Charles Adrian Hobbs  (born January 1946, in Ilkley, West Yorkshire, UK) specialises in vehicle crashworthiness with a background in accident and injury investigation/analysis.

As an engineer and later as Honorary Chief Research Scientist, Hobbs was involved in the UK Government’s programme of Crash Injury Research for nearly 30 years. He undertook the research that helped lead to the mandatory wearing of the seat belt in the UK, the development of the Offset Deformable Frontal Barrier Crash Test and the establishment of the safety organisation Euro NCAP.  Hobbs was awarded a C.B.E. in 2008.

Hobbs has provided advice to the World Bank (1), the World Health Organization, the European Commission and Central European and North African countries on transport safety and the provision of emergency services (2-4).

Safety career
Hobbs joined the Transport Research Laboratory (TRL) in 1972 as a Scientific Officer. For two years he was involved in researching accident causation, investigating accidents alongside the police about the contributing factors to an accident. (5,6) In 1976 he reported on his analysis of brake defects and their contribution to accidents (7).

In 1974, he shifted his focus to car occupant injuries.
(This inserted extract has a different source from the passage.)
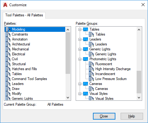 Displays a tree view of your tool palette groups and the tool palettes contained in each.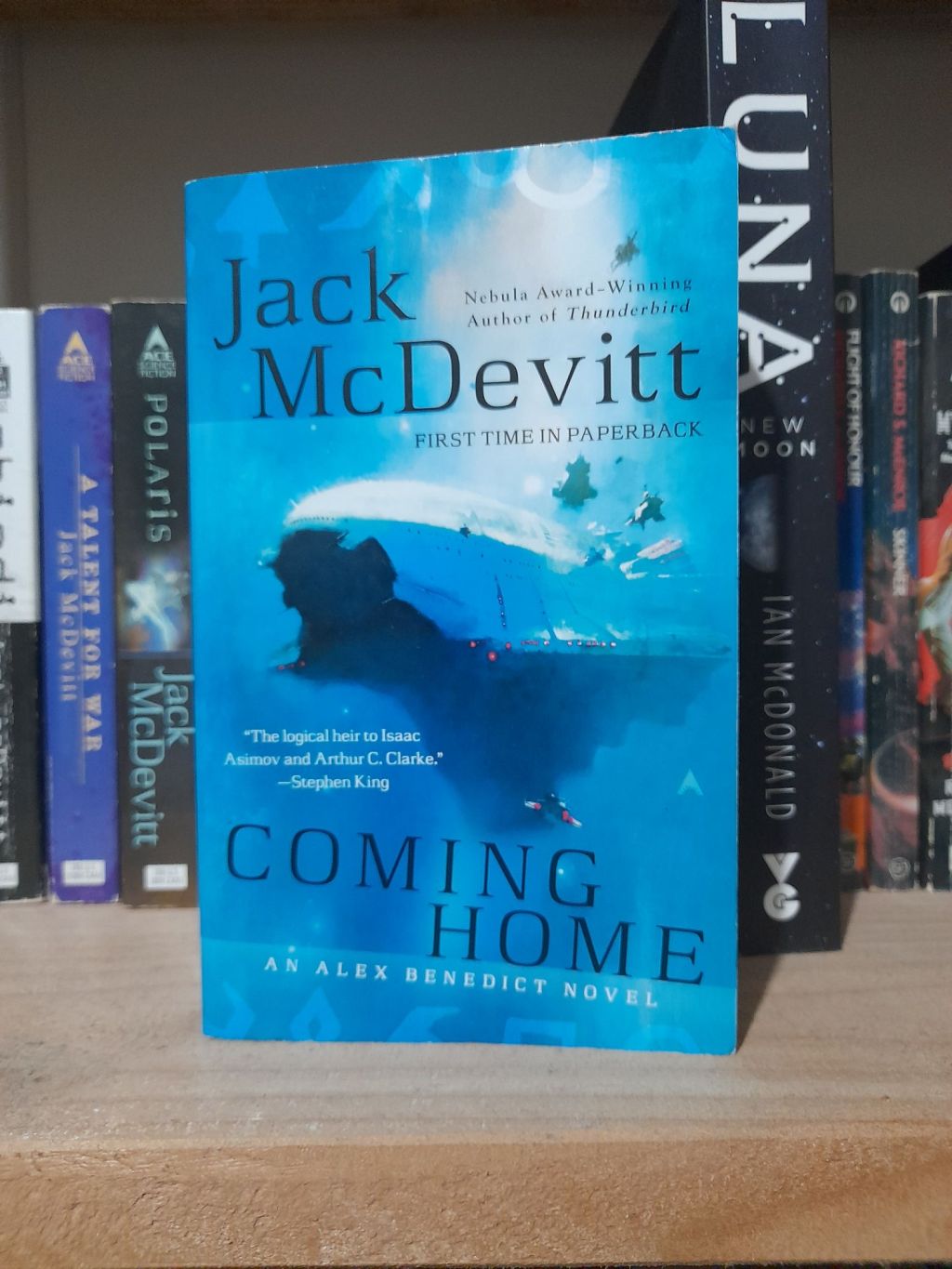 McDevitt has always been very good at weaving the real and the unreal. Look at the epigraphs of each chapter. Sometimes you’ll find Shakespeare. Sometimes a Romantic poet. Sometimes an extract from a novel that doesn’t exist. Sometimes details on the lives of people who won’t be born for thousands of years. Coming Home takes things to the next level. The Apollo missions play a key role (unfortunately, I fully believe that lunar vandals would be willing to steal Neil Armstrong’s footprints), but alongside this we have references to Mars missions, and the first crewed voyage to Saturn. Of course, at a remove of several thousand years (including an unfortunate Dark Age) history and myth become muddled, especially in the absence of concrete proof. There’s a brilliant section that muses on the historical identity of characters such as Dracula (presumably a blood doctor of some kind) and Sherlock Holmes (a clear influence for the narration-by-sidekick approach this series takes).

He analysed and reported on the direct connection between the accident, resulting injuries, their causes and the effectiveness of safety features with medical data, car inspection and questionnaires. During this period he concluded that intrusion into the passenger compartment of the vehicle during a frontal impact accident played a very major role in causing injuries. (8-10)

As a result of this research, he realised how effective wearing a seat belt was in preventing serious injury to a vehicle’s occupant. In 1978, Adrian published a comprehensive study of the life-saving potential of seat belt wearing.(11-14) This study helped lead to the passing of the mandatory seat belt wearing legislation in the UK (Hansard), which came into force on 31 January 1983. (15)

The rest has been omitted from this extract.